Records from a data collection

····················

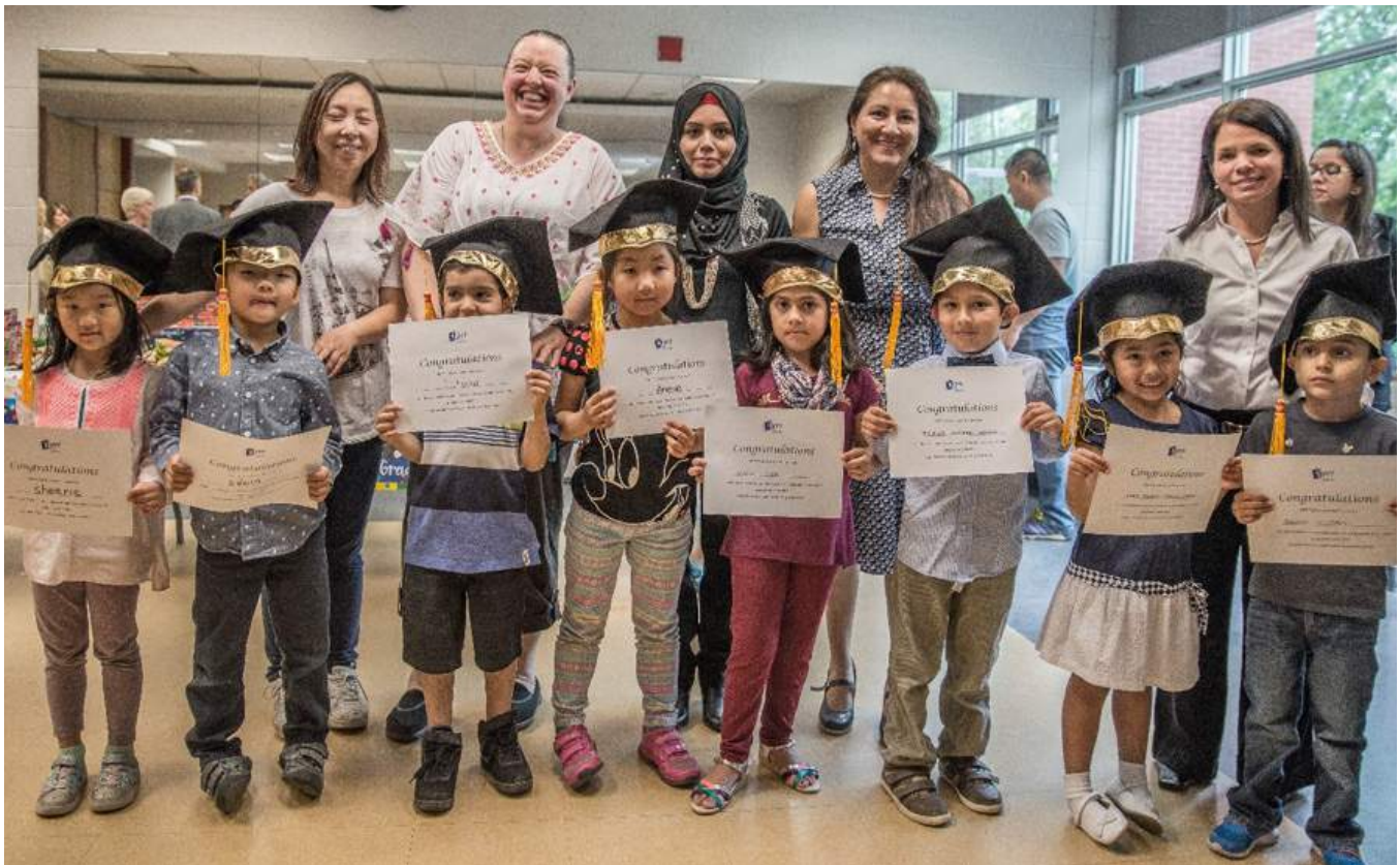
2017 Graduation day at HIPPY Oakville site
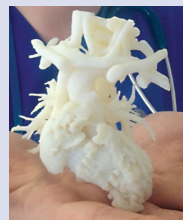
Figure 3. Three-dimensional printed model of the heart and pulmonary vessels with complete agenesis of pulmonary artery bed
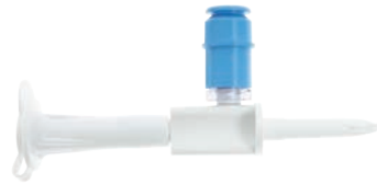
Bag Spike with ChemoLock Additive Port and Dry Spike (CL-12)

Dedicated lumen for direct access to solution bag
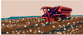
Picking cotton, vegetables, fruit, pecans, hay, soybeans, sugarcane, etc.

NO (STOP here and return survey to your child's school) YES (Please check all that apply below & continue to question 2)
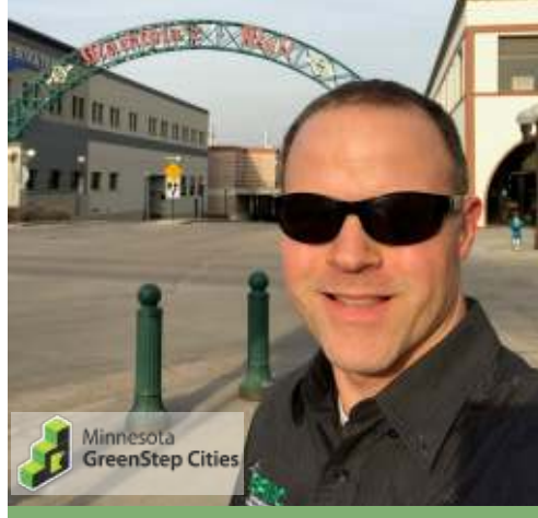
NEW ULM JOINS GREENSTEP CITIES PROGRAM

Access the story map: https://bit.ly/3mCkpgs Access the mapping tool: https://bit.ly/3gzauEw
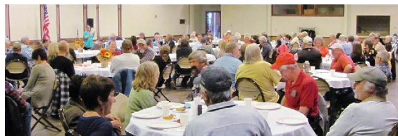
Members of Ogden, Utah's Club 6 enjoy their holiday gathering.
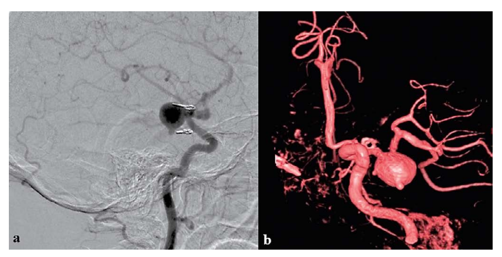
Fig. 3. Cerebral digital subtraction angiography (a), and 3D angiography (b), confirming the aneurysm fundus revascularization after correct placement of two aneurysmal clips.

clips) from previous surgeries (Fig. 1 b, c). Axial CT angiography (CTA) of the cerebral vessels revealed extensive aneurysm recurrence on the M1 segment of the left MCA after the initial clipping, measuring 16 mm in diameter (Fig. 2). The patient underwent left-sided pterional re-craniotomy, aneurysm neck remodeling and additional clip placement.
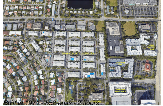
Built in 1977 - 552 units - 2 floors
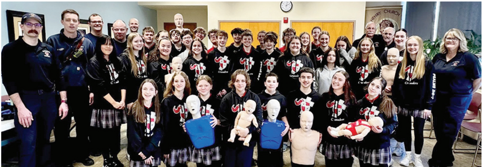
Supported by the Elsmere Fire Department, one long-standing tradition at St. Henry Catholic School, Elsmere, is learning CPR as eighth graders. Pictured is this year’s class with the training dummies used during the class.
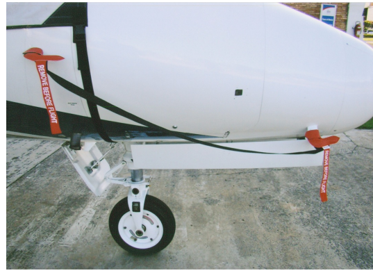
Citation XL Pitot Covers
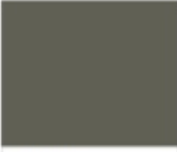
PANTONE 18-0517 TCX Tea Leaf
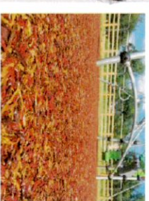
Tiger Mulch safety surface

Proposed Swale Refer to Engineer's Details
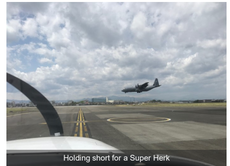
Holding short for a Super Herk
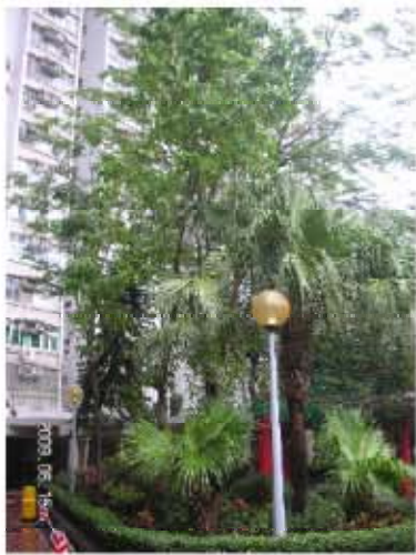
MCH/LR - 6.2 - TREES IN PANG CHING COURT
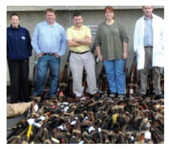
Members of the Ballistics section with some of the thousands of firearms that were voluntarily handed in at garda stations throughout the country.

A major benefit of the new licensing system is that over 45,000 old one-year licenses were cancelled from the system. This resulted in the voluntary handing in of thousands of unwanted firearms at garda stations throughout the country. The firearms were then destroyed free of charge. This is a service for which firearm certificate holders might otherwise have had to pay.
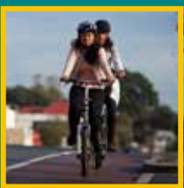
Bicycle Lane or Sealed Shoulder
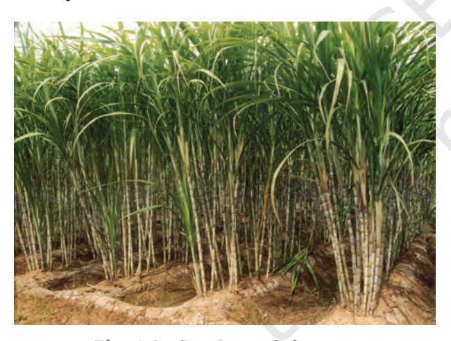
Fig. 4.8: Sugarcane Cultivation

Sugarcane: It is a tropical as well as a subtropical crop. It grows well in hot and humid climate with a temperature of 21°C to 27°C and an annual rainfall between 75cm. and 100cm. Irrigation is required in the regions of low rainfall. It can be grown on a variety of soils and needs manual labour from
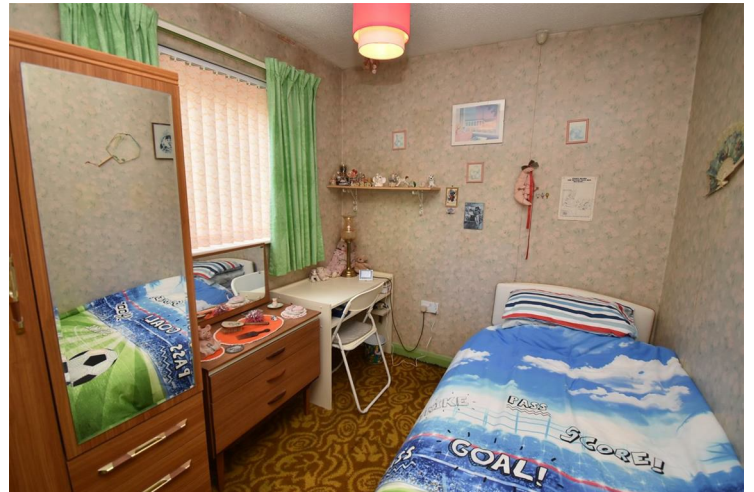
Single third bedroom with a double glazed front window.
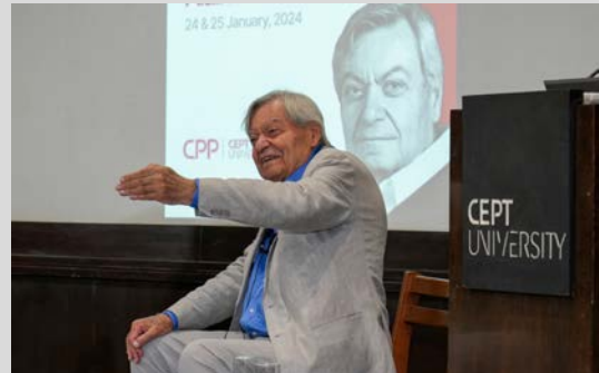
Snapshots from Master Class of Alain Bertaud at CEPT (2024)
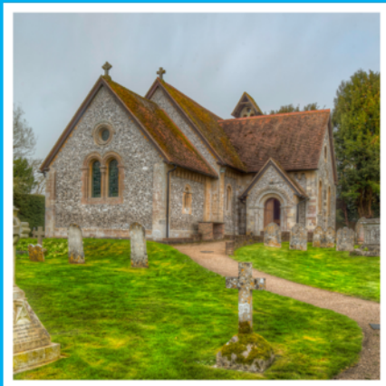
St John's Church Itchen Abbas
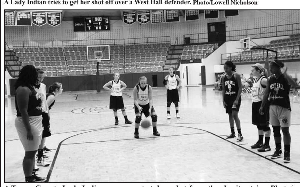
A Towns County Lady Indians prepares to take a shot from the charity stripe.
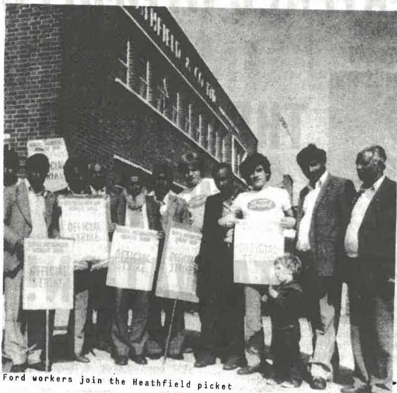
Ford workers join the Heathfield picket

Intimidation of the black pickets includes the daubing of racist graffiti on one of the factory entrances and the sabotage of their transport with locks 'super-glued' and sugar put into petrol tanks. But they are determined to fight on. Their defiance is based on the developing support and unity forged from their stance. Strong support is coming from both Slough's Asian community and the workers and shop stewards' committee at nearby
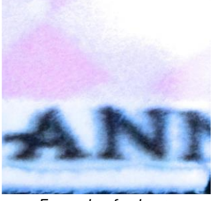
Example of selvage with words

Using sharp scissors and a long ruler, remove the selvage from each edge along the length of the fleece. The selvage sometimes has words printed on it or can be a different texture and/or color. The trimmed edge must be a straight, smooth line.
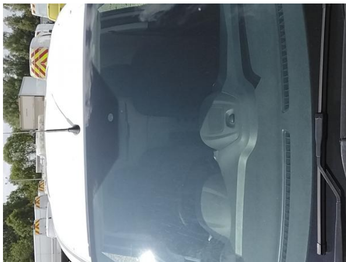
2: Screen Front Chipped UpTo 10mm
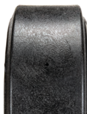
15 po lisse Polyrésine
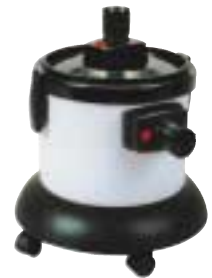
ICC-302B Restaurant Interceptor Approx. 4 Gallon Capacity Supplied with hose and cuffs ICC-302 Restaurant Interceptor Supplied with NO hose or cuffs

A Style = 1-1/4" Connections B Style = 1-1/2" Connections
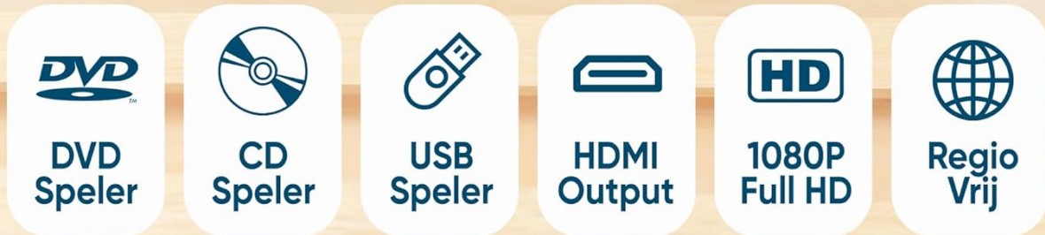
Figure 2.2: Overview of the Strex SP270's capabilities, including DVD, CD, and USB playback, HDMI output, 1080P Full HD support, and region-free functionality.

····················

Problem details
Filter the records above and return every line that holds the word "placement".

Solution
Fig. 3. Cerebral digital subtraction angiography (a), and 3D angiography (b), confirming the aneurysm fundus revascularization after correct placement of two aneurysmal clips.
clips) from previous surgeries (Fig. 1 b, c). Axial CT angiography (CTA) of the cerebral vessels revealed extensive aneurysm recurrence on the M1 segment of the left MCA after the initial clipping, measuring 16 mm in diameter (Fig. 2). The patient underwent left-sided pterional re-craniotomy, aneurysm neck remodeling and additional clip placement.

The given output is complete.